18. A method of manufacturing homeopathic compositions or preparations at high dilution according to any one of claims 8 to 17, characterized in that the control substance is metered, advantageously every 10 dilutions, and more preferably at each dilution.

19. A method of manufacturing homeopathic compositions or preparations at high dilution according to any one of claims 8 to 18, characterized in that the initial solution contains an active substance in an amount of about 1x10 ^-3 to about 1x10 ^-6 moles / l.

20. A method of manufacturing homeopathic compositions or high dilution preparations according to any one of claims 8 to 19, characterized in that the control substance consists of an enzyme, the presence of which is advantageously detectable by its chromogenic activity.

21. Process for the manufacture of homeopathic compositions or high-dilution preparations according to any one of claims 8 to 20, characterized in that the enzyme is chosen from peroxidase, is in particular horseradish peroxidase, detectable by its reactivity with the substrate D-phenylene diamine in H ₂ O ₂ medium.

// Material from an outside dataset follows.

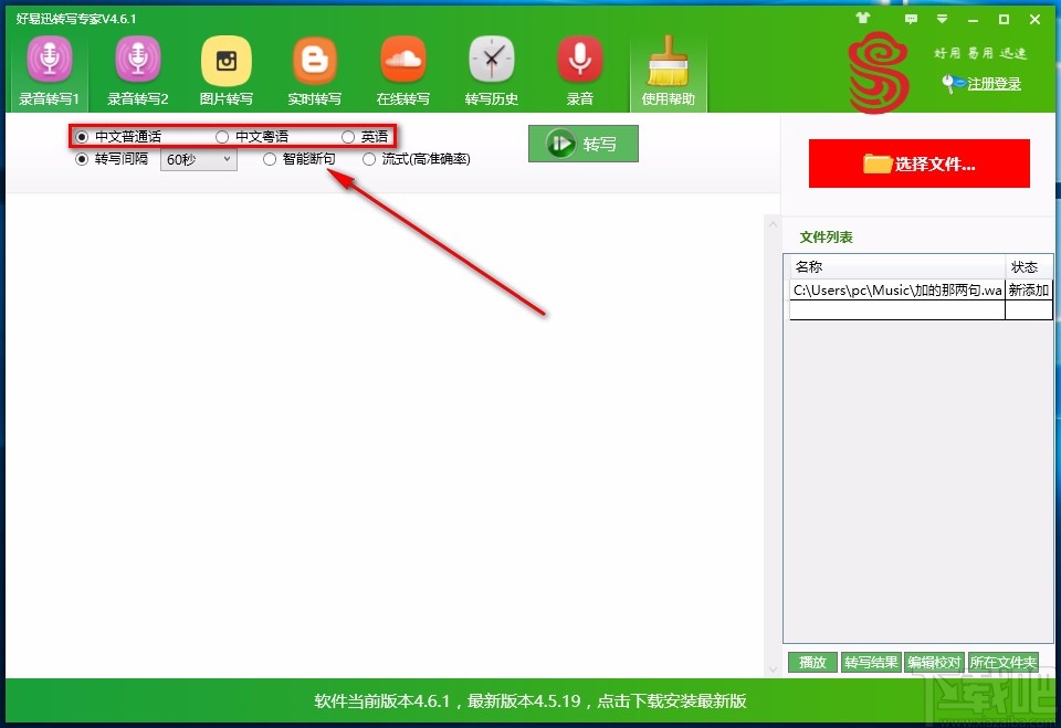4.将文件添加到软件后,我们在界面上方找到“中文普通话”、“中文粤语”以及“英语”三个选项,根据自己的需要进行选择就可以了。
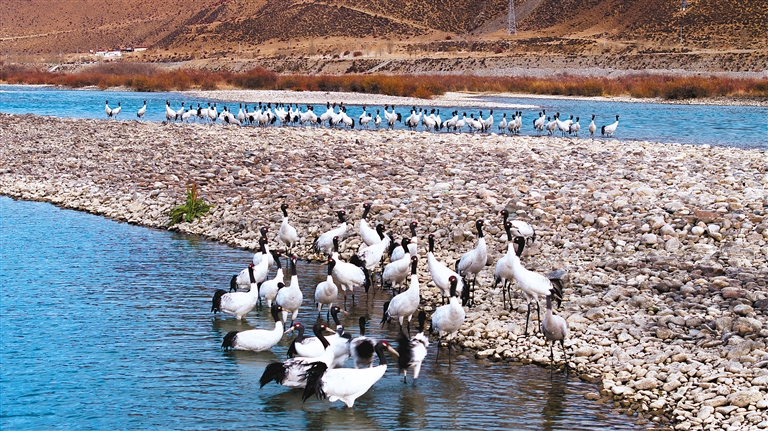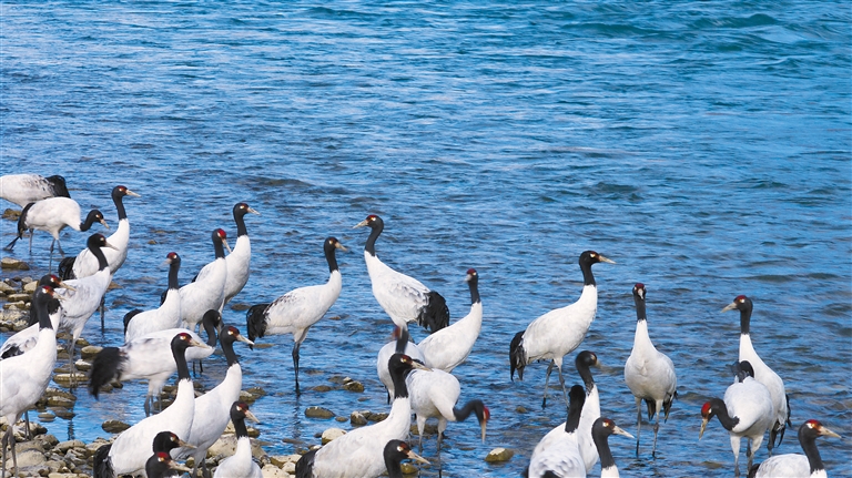 如今,一批又一批黑頸鶴從四川、青海等地啟程,歷經近千公里的長途跋涉,紛紛抵達西藏各越冬地,開啟他們的越冬生活。

22. Method for obtaining a dilute solution (mixture) having an average activity, characterized in that successive determined dilution solutions obtained according to any one of claims 1 to 6 or 8 to 21 are mixed, each solution being of different dilution, but corresponding to the same dilution scale.

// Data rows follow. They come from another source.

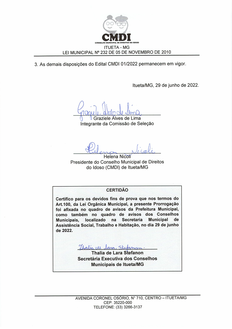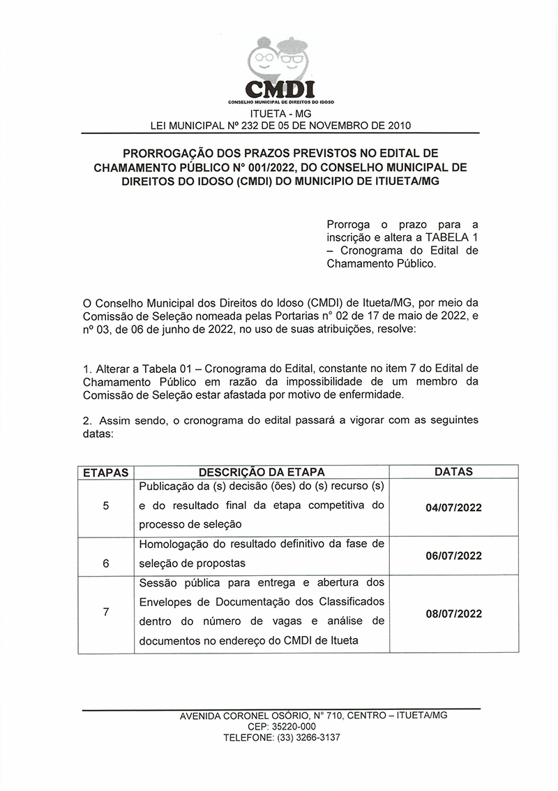 A PREFEITURA MUNICIPAL DE ITUETA-MG, por intermédio do Conselho Municipal de Direitos do Idoso – CMDI, com esteio na Lei Federal nº 13.019, de 31 de julho de 2014, torna público a PRORROGAÇÃO DOS PRAZOS do processo de seleção do Edital de Chamamento Público visando à seleção de propostas de organizações da sociedade civil interessadas em celebrar Termo de Fomento que tem por objeto a execução de projetos com as atividades relacionadas no edital.
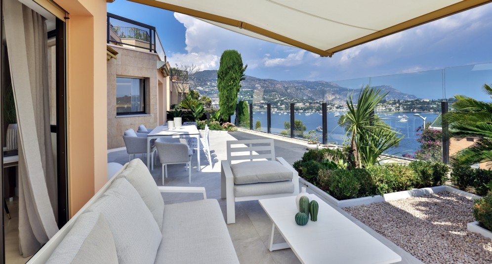 Superbe appartement-villa de 4 pièces de 172 m² avec une grande terrasse et un jardin privatif d’environ 230 m² bénéficiant d’une très belle vue mer sur le Cap Ferrat. Vous ne pourrez qu’être séduits par cet appartement luxueusement rénové, le luxe, la paix et la volupté qui se dégagent de cette résidence fermée avec gardien, agrémentée d’un beau parc et d’une magnifique piscine . L’appartement ayant son entrée indépendante et un accès direct à la piscine de la résidence vous donnera l’impression d’être dans une villa. L’appartement est composé d’un hall. d’un grand séjour très lumineux avec cuisine ouverte de 62 m², d’une chambre avec salle de bains, wc et dressing, de deux autres chambres avec salles d’eau et wc, d’un wc indépendant, d’une grande terrasse et de la jouissance exclusive d’un jardin. Un garage pour 2 voitures et une cave viennent compléter ce bien d’exception. Proche des commerces et des plages. Frais d’agence à la charge du vendeur. Pas de procédure en cours. Charges mensuelles 766 €. Les risques aux quels ce bien est exposé : georisques.gouv.fr Pour les visites , contacter ARMI HELENA au 06.62.46.35.83 ou FRANCK au 06.38.63.15.38.
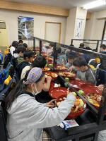 かがやき学級では道徳で『いのちをいただく』を行っていました。私たち人間は植物や動物たちの命をいただいてそこから食事をしていることに気付き、「ありがたくいただく」「のこさずにたべたい」と発表していました。
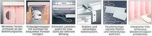 Lammelenvorhänge werden wie Gardienen vor die Fenster gezogen. Dabei haben Sie
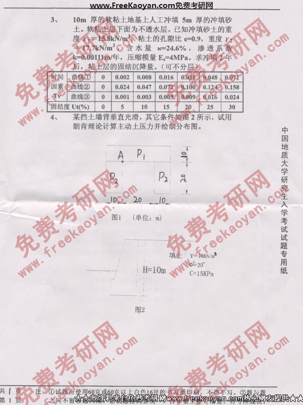 相关话题/中国地质大学 考研真题 土力学

23. A method of increasing the activity of a determined dilution solution in which the determined dilution solution is obtained according to any one of claims 1 to 6 or 8 to 21, characterized in that a dilution solution determined at a single high dilution.

24. Method for increasing the activity of a dilute solution (mixture) in which the dilute solution is obtained according to claim 22 and in which the determined dilution solutions used are obtained according to any one of claims 1 to 6 or 8 to 21, characterized in that said mixture is subjected to a single high dilution.